States Most Affected if the CFPB Is Eliminated

1. Illinois

The Prairie State takes our top spot for the state which will be most affected if the CFPB is eliminated. In 2016, according to data from the CFPB database, Illinois residents lodged just under 7,500 complaints to the CFPB. On a per capita basis, this gives Illinois one of the highest complaint rates in the country with 5.79 complaints per 10,000 residents. Another reason Illinois residents may be sweating if the CFPB goes away, is how successful the bureau has been with helping to get money back for them. Over 20% of complaints from Illinois were closed with some form of relief for the person complaining, thanks in part to the CFPB.

2. Connecticut

The Constitution State comes in second. Connecticut has an even higher complaint rate than Illinois with just over six complaints per 10,000 residents. The CFPB has helped Connecticut consumers recover money on numerous occasions. Over 20.4% of complaints made by Connecticut residents were closed with relief, meaning the CFPB helped the consumer come to some kind of resolution with the financial institution. That’s the highest rate in the top 10.

3. (tie) Arizona

Overall the CFPB helped close 99% of complaints made by Arizona residents and 19% of complaints were closed with relief. Arizona consumers also had fairly high complaint rates. Without the CFPB many of these complaints may go unheard.

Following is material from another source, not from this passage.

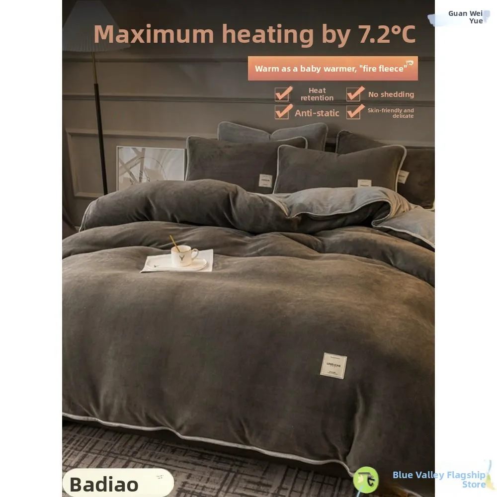 Thiened zima mléko samet four-piece ložní prádlo sada fce teplý korál samet coverlet flanel prošívaná deka zakrýt ložní prádlo accories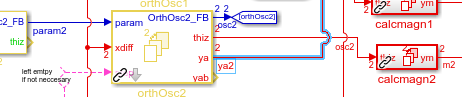 Die Idee ist, Funktionsblöcke in Simulink als Object-FB und Operation-FB zu untergliedern und mit Referenzen zu verbinden. Das Bild rechts zeigt zwei Object-FB, param2 ist als Aggregation auf OrthOsc2_FB verbunden. calcmagn2 ist ein Operation-FB. Die Referenzen sind in Simulink Handle, die einen Index auf eine globale Adresstabelle darstellen. Die Adressen selbst sind damit intern. Die Adressen stehen in

The CFPB helps consumers by taking action against companies that use abusive or misleading tactics which otherwise might go unpunished. One example of this occurred in Arizona. The CFPB sued five auto lenders for failing to disclose the annual percentage rate (APR) in their advertisements.

3. (tie) Maryland

Marylanders lodged complaints to the CFPB at a rate of 9.79 per 10,000 residents. Of all the issues Maryland consumers lodged complaints about, incorrect information on their credit report was the most common. This led to Equifax, one of the credit reporting agencies which handles credit reports, being the most complained about company in Maryland with almost 5% of all complaints being lodged against it.

In terms of getting relief for complaints, the CFPB has not done as well in Maryland. About 16.9% of complaints were closed with relief in Maryland. That’s the lowest rate in the top 10, and ranks 43rd in the country.

5. Virginia

Virginia residents use the CFPB fairly frequently. This state has one of the highest complaint rates in the country with 7.29 complaints per 10,000 residents. Virginia also has a very high consumer dispute rate, meaning consumers in Virginia are often not happy with how an issue was closed.

One reason why Virginia may have a high dispute rate is that the state has a low rate of complaints closed with relief. Virginia ranked 31st for percent of complaints which were met with either monetary or non-monetary relief to the consumer.

6. Colorado

The Centennial State takes sixth place for states most affected if the CFPB is eliminated. This state had one of the highest consumer dispute rates in the country at 21%. A consumer can file a dispute after a case is closed. So if the consumer is unhappy with the financial company’s response, the consumer can then dispute the response.

Colorado also has a high complaint rate with 6.55 complaints per 10,000 residents. Colorado’s most troublesome issue was with incorrect information on their credit report. Just over 17% of all complaints from Colorado were about this topic.

7. District of Columbia

No residents in any part of the country lodged complaints more frequently than residents of the nation’s capital. D.C. residents complained at a rate of 17.69 per 10,000 residents. Fortunately for D.C. residents, the CFPB was fairly helpful at resolving their issues. Just over 99% of complaints were closed and 19.25% of them were closed with relief.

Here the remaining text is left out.